NAT sometimes blocking connections.
-
Hi,
I've recently deployed pfSense as our main office gateway and it's mostly been a success, however I'm getting some odd connection issues with some websites. Most stuff is working fine, but specific sites will either timeout or load with some/all their JS/CSS timing out. The problem seems to come-and-go, and once a host has failed it will stay broken for everyone for a while.
I think it has to do with when the browser opens a lot of connections at once, as it only happens to sites with lots (~10+) of different domains loading piles of cruft, and running adblock fixes it. Installing squid has fixed this for non-SSL sites, which leads me to think it's the NAT causing the problem.
For example one of our designers tried to access freepik.com, and everything loaded except stuff from cdns2.freepik.com. If you come back a bit later it might work, come back again and it might not. It's always the same one that fails (cdns1,3 and 4 load fine). Connecting to it from the gateway works fine.
That particular host has been fixed by squid, however the same issue still happens sometimes with some SSL sites, so I'm hoping someone here has seen this issue before or can point me in the right direction for tracking things down.

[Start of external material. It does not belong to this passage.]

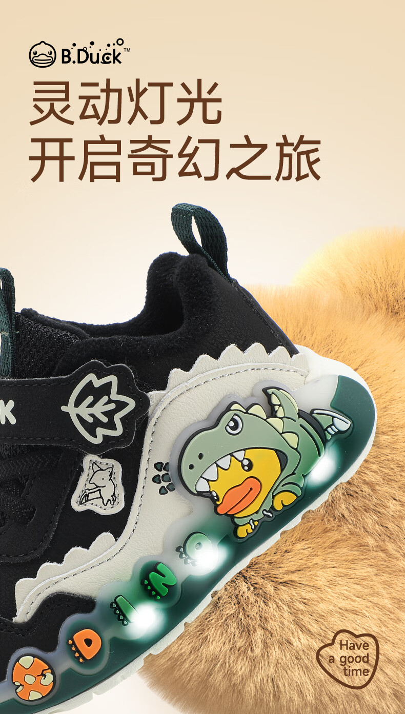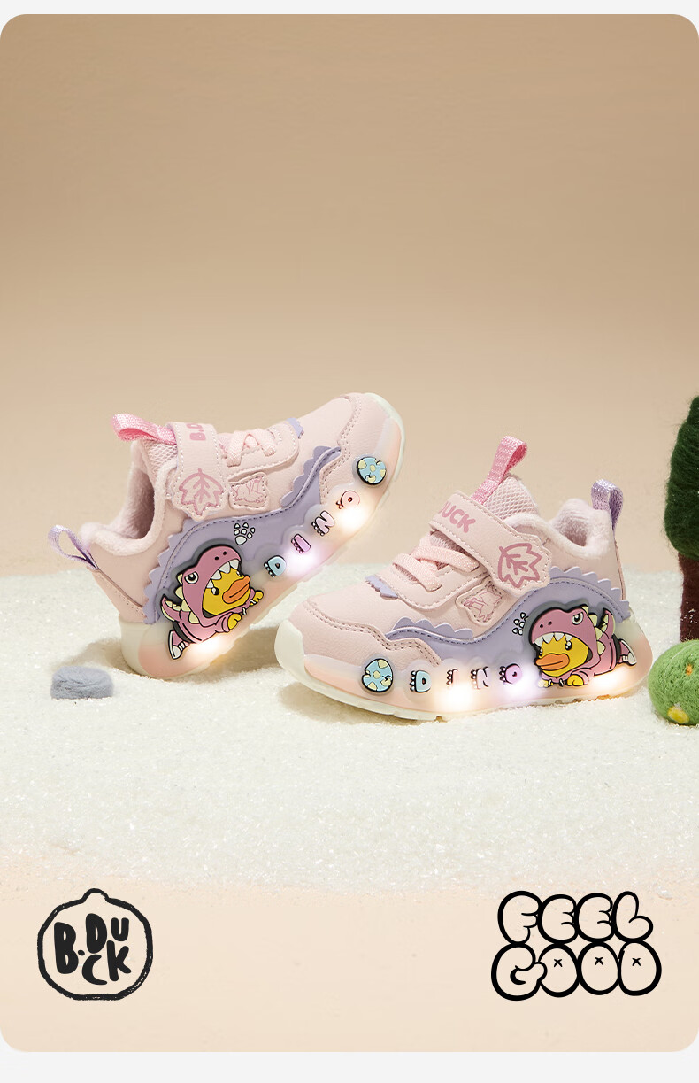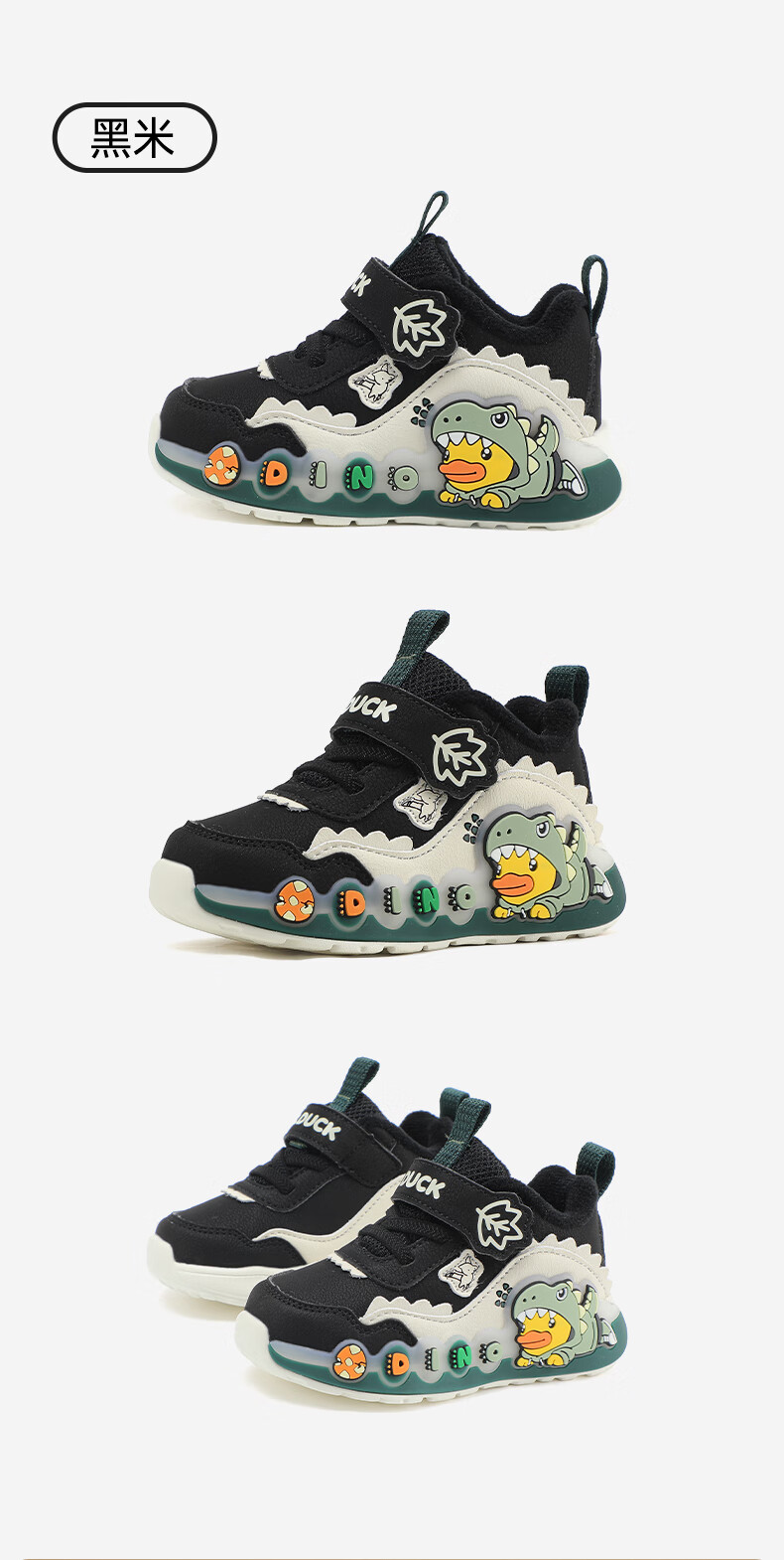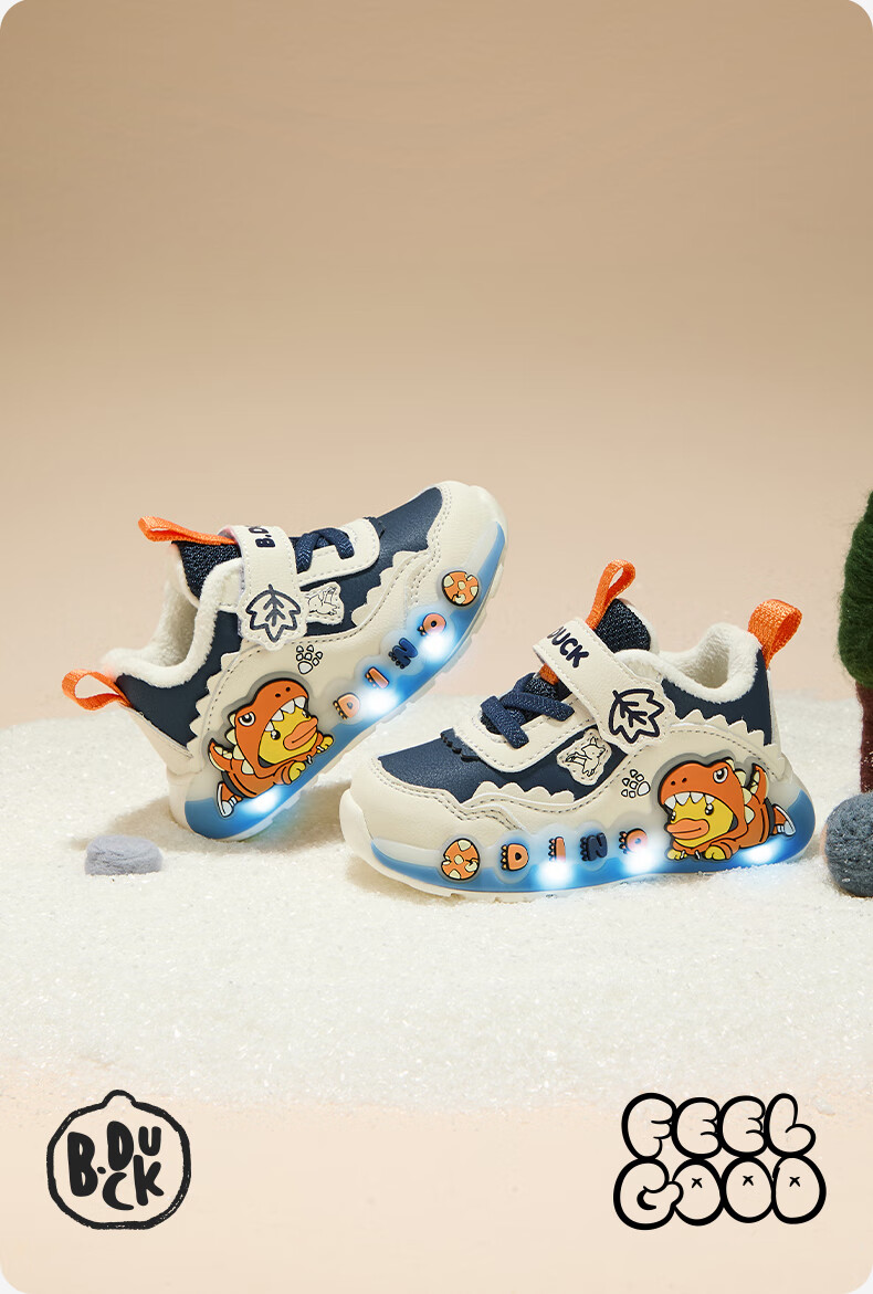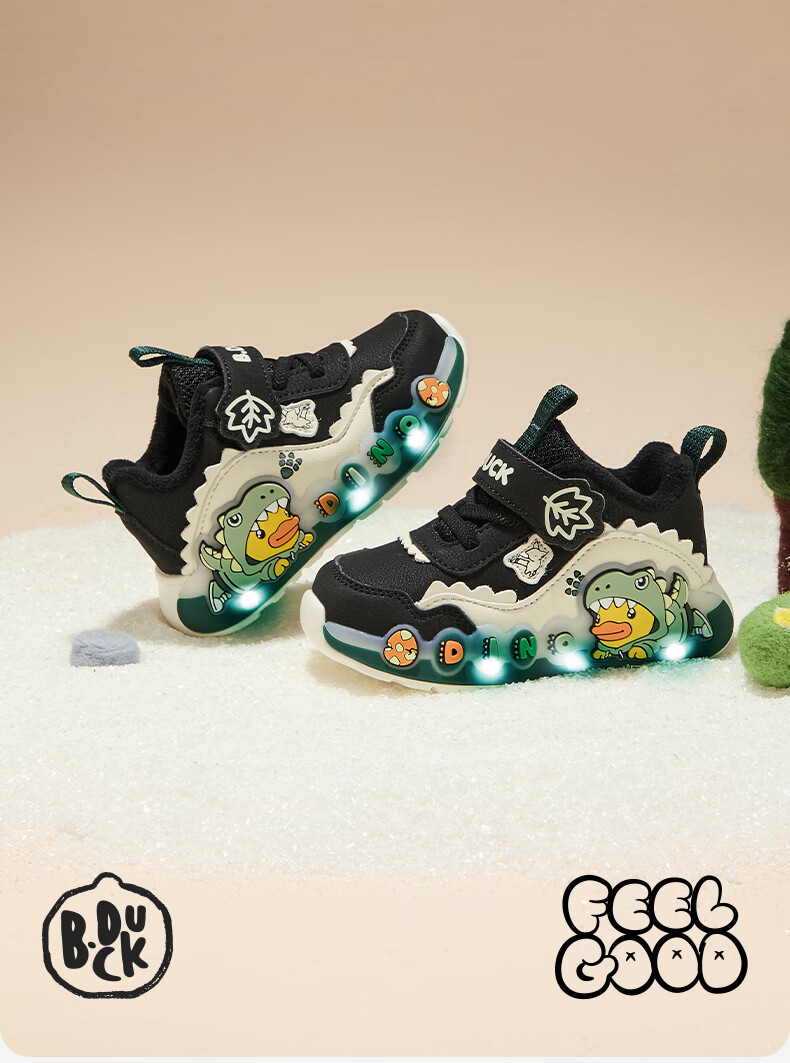 B.Duck小黄鸭儿童鞋男童运动鞋2025秋冬新款小童亮灯鞋发光宝宝鞋子革面 831白绿(夏季单网透气款) 26 码 适合脚长15.5-16.0cm

I have pfSense running in a VM on a linux host with KVM, which is all working fine (once I disabled hardware checksum offload). It has 4 VLANs configured, two for PPPoE wan links and two as LAN networks. Again, this all seems to be working fine. I have gateway groups set, and it seems to be balancing as it should. NAT is all set to auto.
I've disabled the multi-wan stuff for a day and it's had no impact on connectivity issues, and neither upstream link is overloaded. What else should be I doing to debug?
-
you sure its loading stuff from cdns1, 3, 4 etc.. I don't even show those resolving.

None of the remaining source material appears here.